Pak Tama sedang berdiri di depan dengan tangan di gagang pintu sementara ia mengobrol dengan OB. Tak lama pak Tama masuk dengan laptop di tangannya. Hari ini ia mengenakan kemeja biru muda dengan celana cokelat tua. Wajahnya seperti biasa tidak menyunggingkan senyum. Ia membenarkan letak kacamata yang bertengger di atas hidungnya, dan menatap kami semua serta tatapannya berhenti di aku. Setelah itu ia membuka laptopnya.
“Saka tolong sambungin laptop saya ke monitor.” Katanya pada Saka dan membuat Saka bergegas berdiri untuk membantu Pak Tama.
Saka mengurus semuanya dengan cepat karena ia tak ingin kalau Pak Tama lama menunggu dan terlebih, ia tidak ingin kalau jam makan siang kami akan terganggu dengan meeting yang ada. Dan itu juga yang ada dipikiran semua orang yang ada di ruangan ini mungkin kecuali Pak Tama yang tidak peduli kalau makan telat juga tidak masalah.
Setelah laptop milik Pak Tama sudah tersambung dengan motor dan kami semua bisa melihat data dari tim lain yang sudah diberikan padanya, kami semua kini mulai mencatat beberapa hal penting yang nantinya akan kami ulik kembali karena datanya pasti nanti akan dikirimkan oleh Pak Tama ke email kami masing-masing. Selain untuk meng-highlight bagian yang penting, beberapa orang juga ingin terlihat sedang bekerja dengan menuliskan sesuatu atau pun mengetik sesuatu, paling tidak Pak Tama sadar kalau pegawainya ini memiliki niat untuk serius di proyek baru satu ini.
“Kemarin saya sudah bertemu dengan bagian Research And Development, data mentah mereka ada di saya. Nanti saya kirimkan semua data dari tim lain juga ke kalian. Target pasar kita kali ini adalah wanita karier muda di rentang usia dua puluhan karena sesuai dengan tag line yang telah dibuat oleh tim marketing, youth and energetic. Jadi parfum kali ini, relasi kita harus sesuai dengan itu.

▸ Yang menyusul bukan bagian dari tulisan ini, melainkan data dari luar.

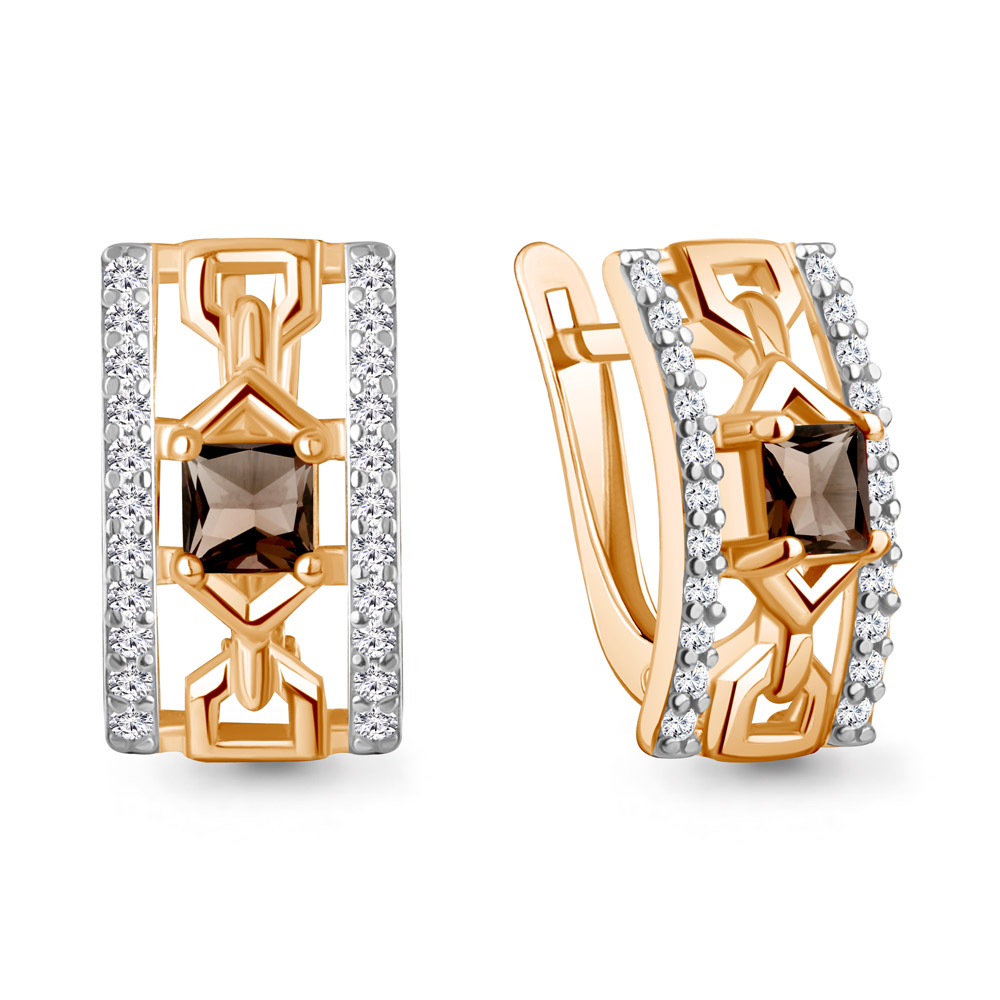 4320601А Серьги из Серебра с кварцами дымчатыми, фианитами

Untuk inverstor dan sponsor, tentu kita sudah jelas seperti biasanya klien-klien kita. Tapi untuk relasi ke orang-orang yang bisa meng-influence masyarakat kita harus benar-benar pilih orang yang tepat. Silakan nanti kasih saya daftarnya dan seperti biasa profiling mereka kalau yang diajukan nama-nama baru. Karena setiap hari orang-orang yang menguasai sosial media bisa berubah dan banyak muncul yang baru.” Ujar Pak Tama sambil memandang monitor di hadapannya.
Setelah itu, sesi bedah produk dan gimmick untuk memasarkan produk pada influencer dan selebriti yang ternyata memang memakan watu yang sangat panjang karena kami juga sekalian brain storming.
Jam sudah menunjukkan pukul dua belas, dan tidak ada tanda-tanda kalau meeting akan selesai. Aku sudah bisa melihat wajah-wajah yang cemas kalau meeting akan berlangsung beberapa jam lagi karena proyek satu ini, bisa dibilang proyek yang lumayan besar karena perusahaan sudah mengeluarkan biaya yang lumayan banyak untuk parfum premium kali ini. Oleh karena itu target market utama kali ini adalah para wanita karir muda yang kemungkinan belum menikah jadi tidak memiliki tanggungan untuk bisa membeli produk parfum yang harganya lumayan mahal.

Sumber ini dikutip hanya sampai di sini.